A transformação das ordens religiosas em modos de vida adotados por indivíduos
enuncia uma tendência dialógica não excludente, estabelece uma relação com o conceito
turneriano da realidade social como processual e dinâmica como sendo consequência da
estrutura processual da própria ação social. Estabelece-se uma analogia entre o
Sebastianismo e a devoção à Padre Cícero para justificar estes fenômenos como
intrínsecos à origem do grupo estudado.
No Capítulo 1: Como tudo começou. Os Penitentes do Braço Sagrado de Jesus: Os
Ave de Jesus, O grupo vive em comunidade enfrentando restrições ascéticas e de
castidade, o que influi diretamente no número de integrantes. A dicotomia
sagrado/profano dá-se entre a comunidade e outsiders. Há prática de mendicância com
configurações e interdições específicas. Nas romarias, geralmente aos domingos,
durante o mês de maio realizam-se as rezas com maior intensidade e em junho, a festa
dos santos.
Na seção Dominando palavras, fabricando o mundo, Campos estabelece uma
relação entre a cultura sertaneja imagística e o conceito de “cultura bíblica”, cunhado
por Otávio Velho. A autora se refere a uma semiótica do sagrado para compreender a
dinâmica do uso de interpretações fantásticas do plano apocalíptico e a performance dos
escritos bíblicos. Assinala contrariedade entre a visão dicotômica do sagrado e do
profano em Émile Durkheim e a maneira que o grupo vê o profano, como algo fora da
comunidade. Campos estabelece uma analogia com o xamanismo, ao invocar que o
papel do xamã é tanto de ordenar, relacionando diferentes níveis de códigos, como
também de traduzir o mundo em uma síntese original. Concluindo, a autora infere a
importância da cultura e dos emblemas em um sentido já dado por Durkheim na
fundação de uma comunidade e na construção do sentimento de pertencimento a esta.

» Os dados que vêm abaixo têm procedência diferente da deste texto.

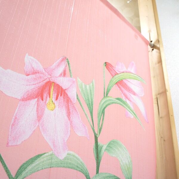 のれん 目隠し 85X150cm 荻荘聖子「オトメユリ」 日本製 当日発送 百合 色鉛筆画 / 家具・インテリア ファブリック・敷物
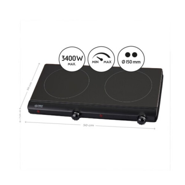 Вдома або в дорозі: готування з потужністю 2500 Вт ще ніколи не було таким простим. Цю подвійну інфрачервону пластину можна побачити всюди. Лаконічний дизайн гармонує зі всіма стилями кухні, а також чудово доповнює красиво накритий стіл. Міцна конфорка із суцільною конфоркою зі склокераміки пропонує достатньо місця для всіх звичайних каструль та сковорідок. Гарний, міцний дизайн сенсаційно гнучкий та безступінчасто регулюється термостатом.

No Capítulo 2: Carisma e exemplaridade entre os Ave de Jesus: muito além da
dominação... Introduzindo deslocamentos, Campos se propõe a deslocar carisma do
lugar da dominação para o domínio da confiança e da verdade. Demonstra como se
constrói o carisma entre os integrantes do grupo, invoca a institucionalização do
communitas turneriano, a partir de onde problematiza algumas implicações teóricas
analíticas.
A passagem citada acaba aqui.